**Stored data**
== Segment start ==
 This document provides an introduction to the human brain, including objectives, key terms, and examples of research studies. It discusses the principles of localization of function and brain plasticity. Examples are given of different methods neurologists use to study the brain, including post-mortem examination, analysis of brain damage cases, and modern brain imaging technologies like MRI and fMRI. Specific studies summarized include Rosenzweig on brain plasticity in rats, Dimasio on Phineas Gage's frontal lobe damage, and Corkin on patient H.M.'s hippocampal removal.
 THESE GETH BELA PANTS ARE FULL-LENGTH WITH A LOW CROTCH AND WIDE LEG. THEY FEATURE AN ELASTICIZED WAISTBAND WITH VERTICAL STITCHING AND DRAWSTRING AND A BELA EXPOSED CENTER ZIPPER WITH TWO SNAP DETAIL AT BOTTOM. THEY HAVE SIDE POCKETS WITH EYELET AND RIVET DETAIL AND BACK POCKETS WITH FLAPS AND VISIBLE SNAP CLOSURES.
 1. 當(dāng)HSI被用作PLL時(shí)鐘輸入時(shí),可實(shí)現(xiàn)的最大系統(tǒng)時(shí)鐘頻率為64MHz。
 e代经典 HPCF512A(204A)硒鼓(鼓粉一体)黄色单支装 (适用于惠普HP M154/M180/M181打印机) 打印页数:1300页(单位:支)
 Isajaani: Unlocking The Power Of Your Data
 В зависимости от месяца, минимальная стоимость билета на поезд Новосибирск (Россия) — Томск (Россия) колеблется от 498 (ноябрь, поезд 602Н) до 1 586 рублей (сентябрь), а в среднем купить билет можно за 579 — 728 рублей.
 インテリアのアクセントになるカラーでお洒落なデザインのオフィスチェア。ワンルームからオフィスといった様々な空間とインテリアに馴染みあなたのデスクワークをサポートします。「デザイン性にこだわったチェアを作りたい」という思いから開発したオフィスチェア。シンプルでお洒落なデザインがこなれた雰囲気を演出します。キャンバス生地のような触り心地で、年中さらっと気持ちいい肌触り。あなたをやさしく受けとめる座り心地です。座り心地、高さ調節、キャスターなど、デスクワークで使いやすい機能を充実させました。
== Segment end ==
**Exercise requirements**
Print the data again exactly.

**Completed task**
 This document provides an introduction to the human brain, including objectives, key terms, and examples of research studies. It discusses the principles of localization of function and brain plasticity. Examples are given of different methods neurologists use to study the brain, including post-mortem examination, analysis of brain damage cases, and modern brain imaging technologies like MRI and fMRI. Specific studies summarized include Rosenzweig on brain plasticity in rats, Dimasio on Phineas Gage's frontal lobe damage, and Corkin on patient H.M.'s hippocampal removal.
 THESE GETH BELA PANTS ARE FULL-LENGTH WITH A LOW CROTCH AND WIDE LEG. THEY FEATURE AN ELASTICIZED WAISTBAND WITH VERTICAL STITCHING AND DRAWSTRING AND A BELA EXPOSED CENTER ZIPPER WITH TWO SNAP DETAIL AT BOTTOM. THEY HAVE SIDE POCKETS WITH EYELET AND RIVET DETAIL AND BACK POCKETS WITH FLAPS AND VISIBLE SNAP CLOSURES.
 1. 當(dāng)HSI被用作PLL時(shí)鐘輸入時(shí),可實(shí)現(xiàn)的最大系統(tǒng)時(shí)鐘頻率為64MHz。
 e代经典 HPCF512A(204A)硒鼓(鼓粉一体)黄色单支装 (适用于惠普HP M154/M180/M181打印机) 打印页数:1300页(单位:支)
 Isajaani: Unlocking The Power Of Your Data
 В зависимости от месяца, минимальная стоимость билета на поезд Новосибирск (Россия) — Томск (Россия) колеблется от 498 (ноябрь, поезд 602Н) до 1 586 рублей (сентябрь), а в среднем купить билет можно за 579 — 728 рублей.
 インテリアのアクセントになるカラーでお洒落なデザインのオフィスチェア。ワンルームからオフィスといった様々な空間とインテリアに馴染みあなたのデスクワークをサポートします。「デザイン性にこだわったチェアを作りたい」という思いから開発したオフィスチェア。シンプルでお洒落なデザインがこなれた雰囲気を演出します。キャンバス生地のような触り心地で、年中さらっと気持ちいい肌触り。あなたをやさしく受けとめる座り心地です。座り心地、高さ調節、キャスターなど、デスクワークで使いやすい機能を充実させました。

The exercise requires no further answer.